- _Assigned task_:
Repeat the following entries exactly, excluding pictures.

▬▬▬

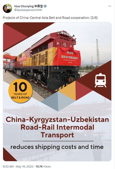 华春莹所发第3张图展示的是“中吉乌”国际多式联运班列,配文称其能够节省运输费用和时间。↓
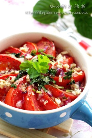2、每层番茄加少许糖,使番茄的汁水渗出,味道更佳;
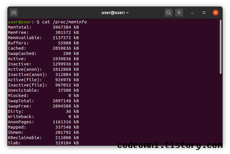 이번 포스팅은 우분투의 RAM의 정보를 확인하는 명령어입니다.
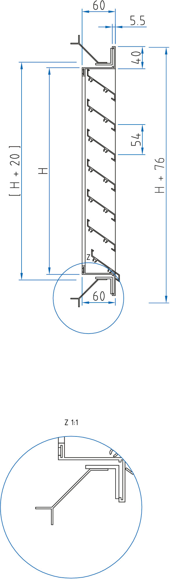 - Rahmen und Lamellen aus Aluminium natur eloxiert E6/EV1
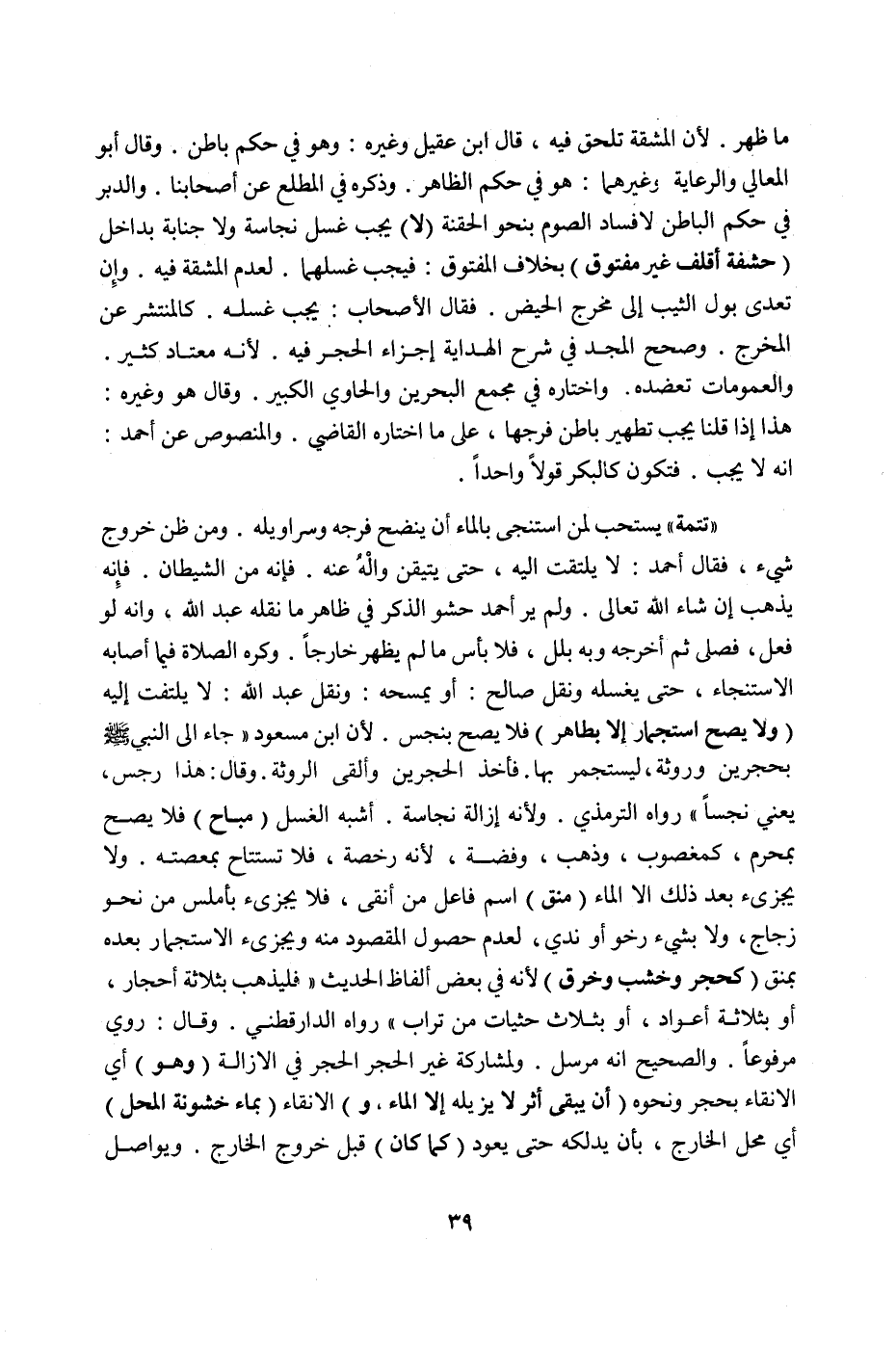 وَصَحَّحَ الْمَجْدُ فِي شَرْحِ الْهِدَايَةِ إجْزَاءَ الْحَجَرِ فِيهِ ; لِأَنَّهُ مُعْتَادٌ كَثِيرٌ. وَالْعُمُومَاتُ تَعْضُدُهُ. وَاخْتَارَهُ فِي مَجْمَعِ الْبَحْرَيْنِ وَالْحَاوِي الْكَبِيرِ. وَقَالَ هُوَ وَغَيْرُهُ: هَذَا إذَا قُلْنَا يَجِبُ تَطْهِيرُ بَاطِنِ فَرْجِهَا، عَلَى مَا اخْتَارَهُ الْقَاضِي. وَالْمَنْصُوصُ عَنْ أَحْمَدَ: أَنَّهُ لَا يَجِبُ. فَتَكُونُ كَالْبِكْرِ قَوْلًا وَاحِدًا.
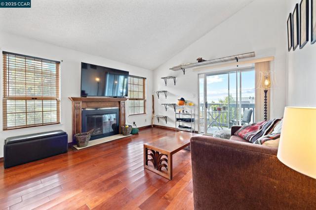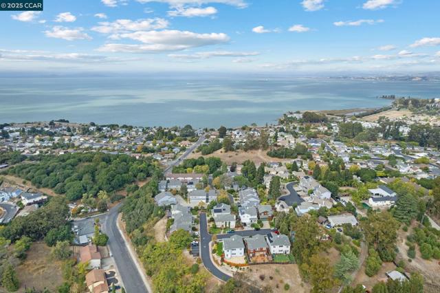 Perched in the heart of Pinole, this beautifully maintained corner Townhome blends comfort, elegance, and panoramic bay views into one exceptional home. From the moment you step inside, you’ll be greeted by sun-filled spaces, vaulted ceilings, and high-end cherry wood floors that exude a sense of warmth that makes this home truly special. The formal living room, highlighted by a wood-burning fireplace and soaring ceilings, opens seamlessly to a west-facing balcony that captures sweeping views of San Pablo Bay—the perfect spot to unwind as the sun sets. The formal dining room and versatile family room offer an ideal flow for both entertaining and relaxed everyday living. Updated kitchen is a showpiece, featuring mahogany cabinets, luxurious countertops with upscale backsplash to match. Upstairs, the primary suite offers breathtaking bay views and a light-filled retreat, complemented by two spacious secondary bedrooms with ample closet space and fresh carpet throughout. With 3 bedrooms and 2.5 bathrooms, this home provides the space and comfort every modern lifestyle deserves. As a desirable corner unit, it offers additional windows, abundant natural light, and plenty of guest parking nearby. Ideally located near Hwy 80, Pinole Vista Shopping Center, and close distance to parks.
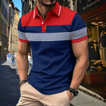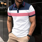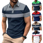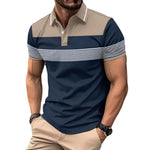 Men's Casual V-neck Button Business Striped All-matching Polot Shirt
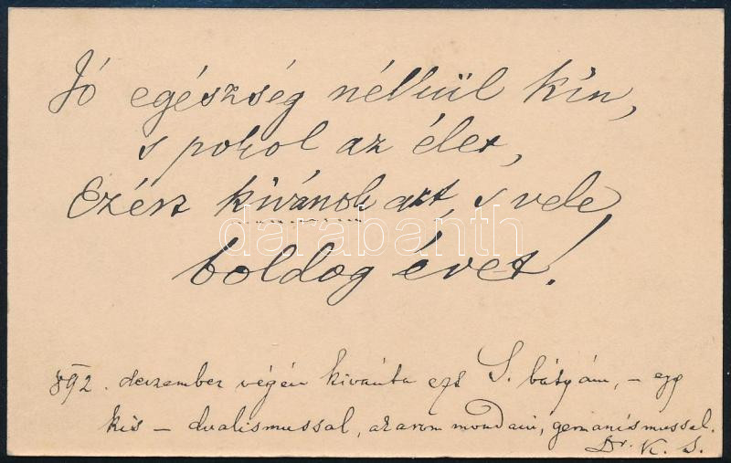1892 Kőrösi Sándor (1824-1895) ügyvéd, országgyűlési képviselő autográf sorai névjegykártyája hátoldalán
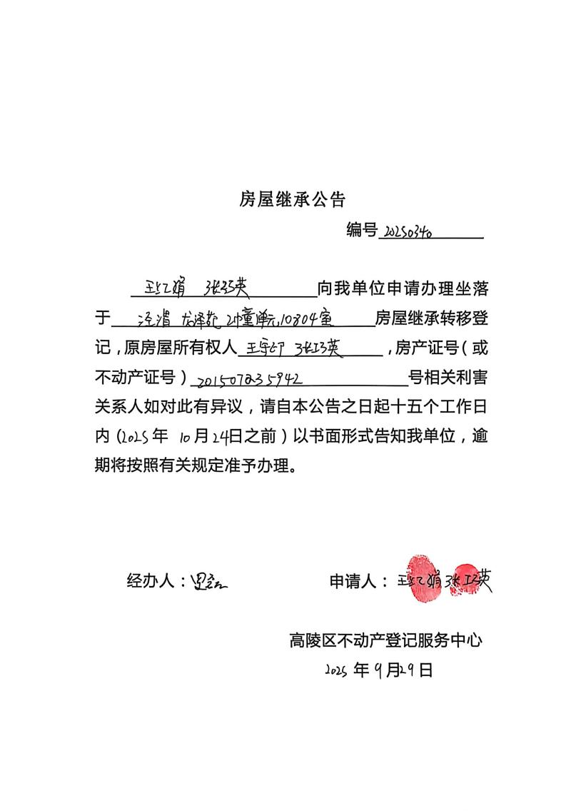王紅娟、張巧英房屋繼承公告,編號:20250340
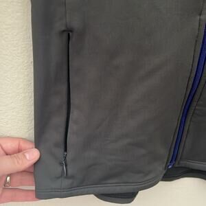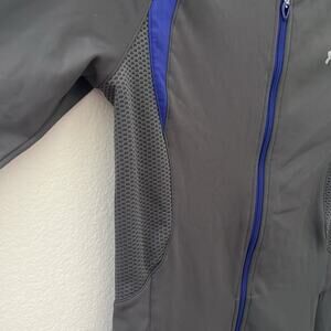Charcoal zip jacket with pockets. Textured panels and logo on front and back. Great running jacket! Has a few small spots on one sleeve, no tears or holes.

▬▬▬

- _Response to this task_:
 华春莹所发第3张图展示的是“中吉乌”国际多式联运班列,配文称其能够节省运输费用和时间。↓
2、每层番茄加少许糖,使番茄的汁水渗出,味道更佳;
 이번 포스팅은 우분투의 RAM의 정보를 확인하는 명령어입니다.
 - Rahmen und Lamellen aus Aluminium natur eloxiert E6/EV1
 وَصَحَّحَ الْمَجْدُ فِي شَرْحِ الْهِدَايَةِ إجْزَاءَ الْحَجَرِ فِيهِ ; لِأَنَّهُ مُعْتَادٌ كَثِيرٌ. وَالْعُمُومَاتُ تَعْضُدُهُ. وَاخْتَارَهُ فِي مَجْمَعِ الْبَحْرَيْنِ وَالْحَاوِي الْكَبِيرِ. وَقَالَ هُوَ وَغَيْرُهُ: هَذَا إذَا قُلْنَا يَجِبُ تَطْهِيرُ بَاطِنِ فَرْجِهَا، عَلَى مَا اخْتَارَهُ الْقَاضِي. وَالْمَنْصُوصُ عَنْ أَحْمَدَ: أَنَّهُ لَا يَجِبُ. فَتَكُونُ كَالْبِكْرِ قَوْلًا وَاحِدًا.
 Perched in the heart of Pinole, this beautifully maintained corner Townhome blends comfort, elegance, and panoramic bay views into one exceptional home. From the moment you step inside, you’ll be greeted by sun-filled spaces, vaulted ceilings, and high-end cherry wood floors that exude a sense of warmth that makes this home truly special. The formal living room, highlighted by a wood-burning fireplace and soaring ceilings, opens seamlessly to a west-facing balcony that captures sweeping views of San Pablo Bay—the perfect spot to unwind as the sun sets. The formal dining room and versatile family room offer an ideal flow for both entertaining and relaxed everyday living. Updated kitchen is a showpiece, featuring mahogany cabinets, luxurious countertops with upscale backsplash to match. Upstairs, the primary suite offers breathtaking bay views and a light-filled retreat, complemented by two spacious secondary bedrooms with ample closet space and fresh carpet throughout. With 3 bedrooms and 2.5 bathrooms, this home provides the space and comfort every modern lifestyle deserves. As a desirable corner unit, it offers additional windows, abundant natural light, and plenty of guest parking nearby. Ideally located near Hwy 80, Pinole Vista Shopping Center, and close distance to parks.
 Men's Casual V-neck Button Business Striped All-matching Polot Shirt
1892 Kőrösi Sándor (1824-1895) ügyvéd, országgyűlési képviselő autográf sorai névjegykártyája hátoldalán
王紅娟、張巧英房屋繼承公告,編號:20250340
Charcoal zip jacket with pockets. Textured panels and logo on front and back. Great running jacket! Has a few small spots on one sleeve, no tears or holes.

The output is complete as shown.